You can’t say this was unexpected. It was never meant to be long-term. It was only supposed to be 30 days. After 30 days, I was supposed to try new foods again, but I never did that. I tried to hold on to you for so much longer. I tried to make this a Whole365ForeverForTheRestofMyLife instead of just a Whole30. I can't be in a long-term relationship with you anymore, and I have no need for a short-term thing. I want more in life.
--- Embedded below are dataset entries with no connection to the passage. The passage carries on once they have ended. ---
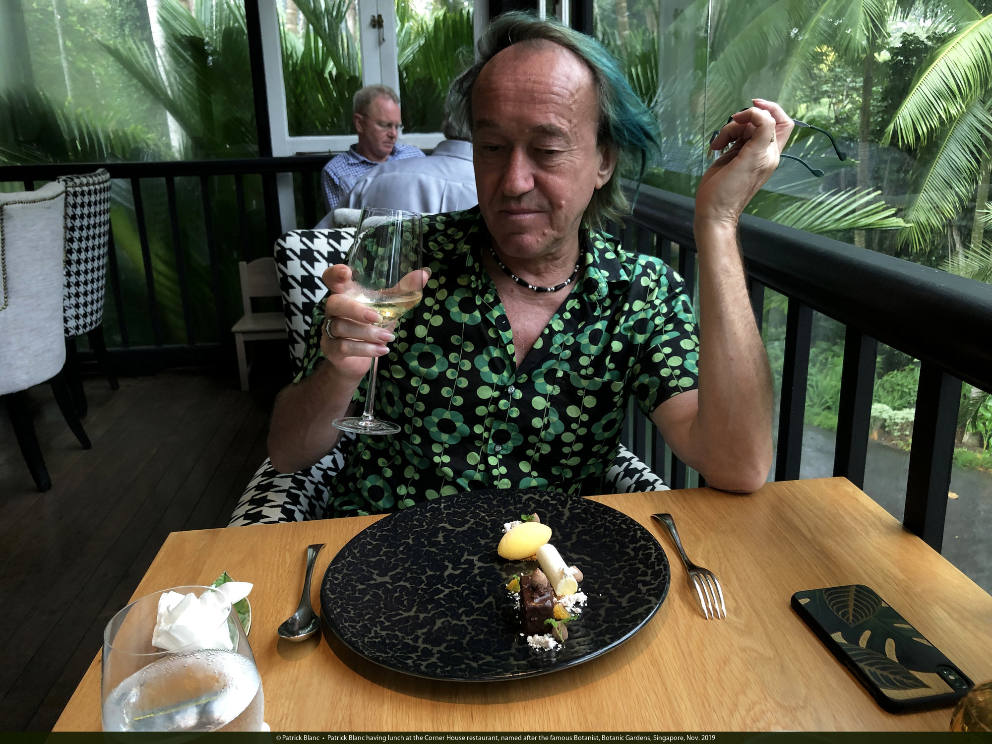 Patrick Blanc having lunch at the Corner House restaurant, named after the famous Botanist, Botanic Gardens, Singapore, Nov. 2019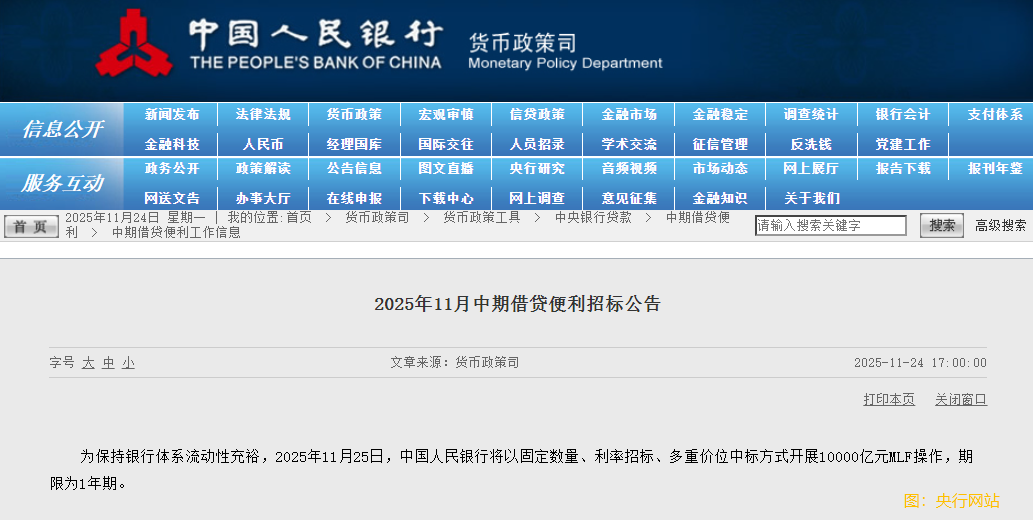 【财华社讯】11月24日,央行公告,为保持银行体系流动性充裕,2025年11月25日,中国人民银行将以固定数量、利率招标、多重价位中标方式开展10000亿元MLF操作,期限为1年期。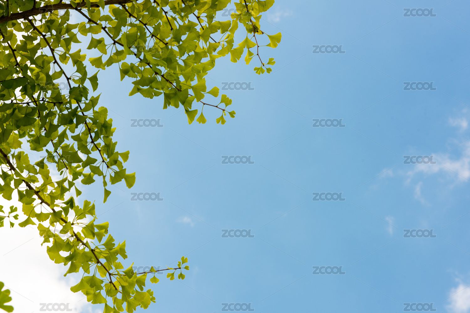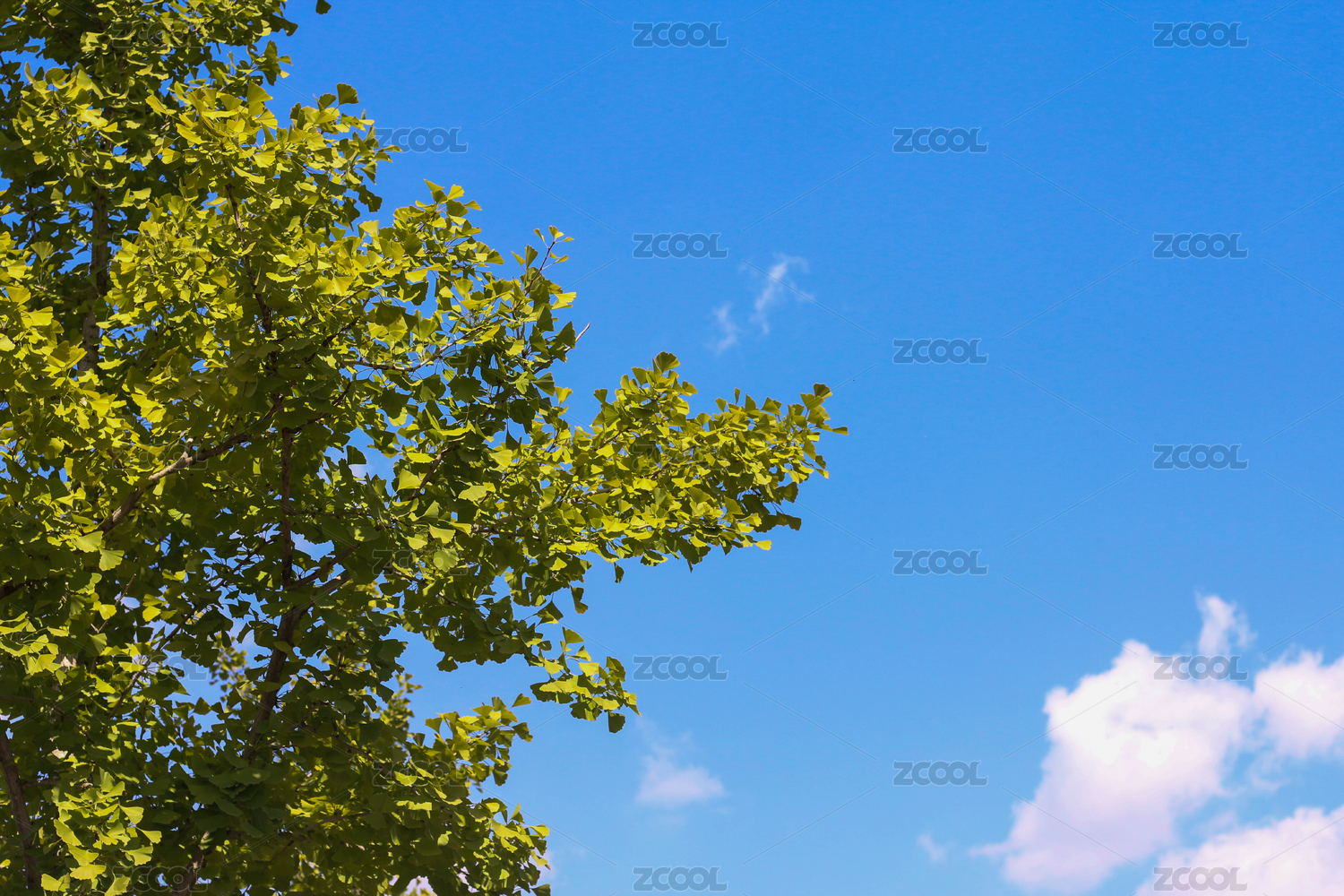 晴朗的蓝天白云映衬下的银杏树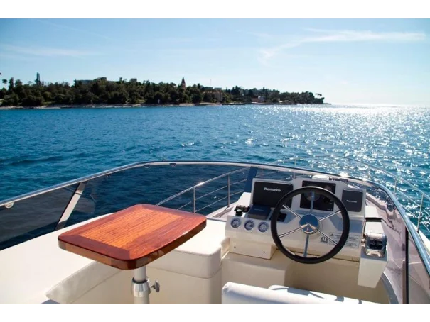The flybridge is the defining feature - a full helm console above, with a sunbed aft and clear 360° visibility underway. Below, the cockpit centres around a large dining table that converts to a double berth, making it as useful at anchor as it is at the dock. Teak detailing, stainless cable railings on the sidedecks, and a bathing ladder and deck shower off the swim platform complete the picture.

So I do need to tell you one more thing. I want it to come from me before you see it on my Facebook. There is someone else. I am just going to learn how to eat in moderation. I know, I know. I left moderation to go to perfectionist you, but I just think moderation works better for me for life. I can have a little of everything. I want pizza in my life. I want sweetener in my coffee. Whole30, I work out so much now. I know I didn’t do that when we first started and that’s why we worked so well back then. I just need more carbs than I’ve been eating with you. I live in the south now. I want to have chicken and waffles every now and then! And for goodness' sake, I miss cheese. I keep telling myself I can do without it, but these spaghetti squash bakes would be so much more amazing with some melted cheese! And for breakfast? I am going to have pancakes. There. I said it. I’m going to have freaking pancakes for breakfast. And I am going to put syrup and peanut butter on them. I’m not allowed to do that under your strict rules. I think this freedom will be really good for me. It's what I want and need right now. I want to learn how to live a life with pancakes.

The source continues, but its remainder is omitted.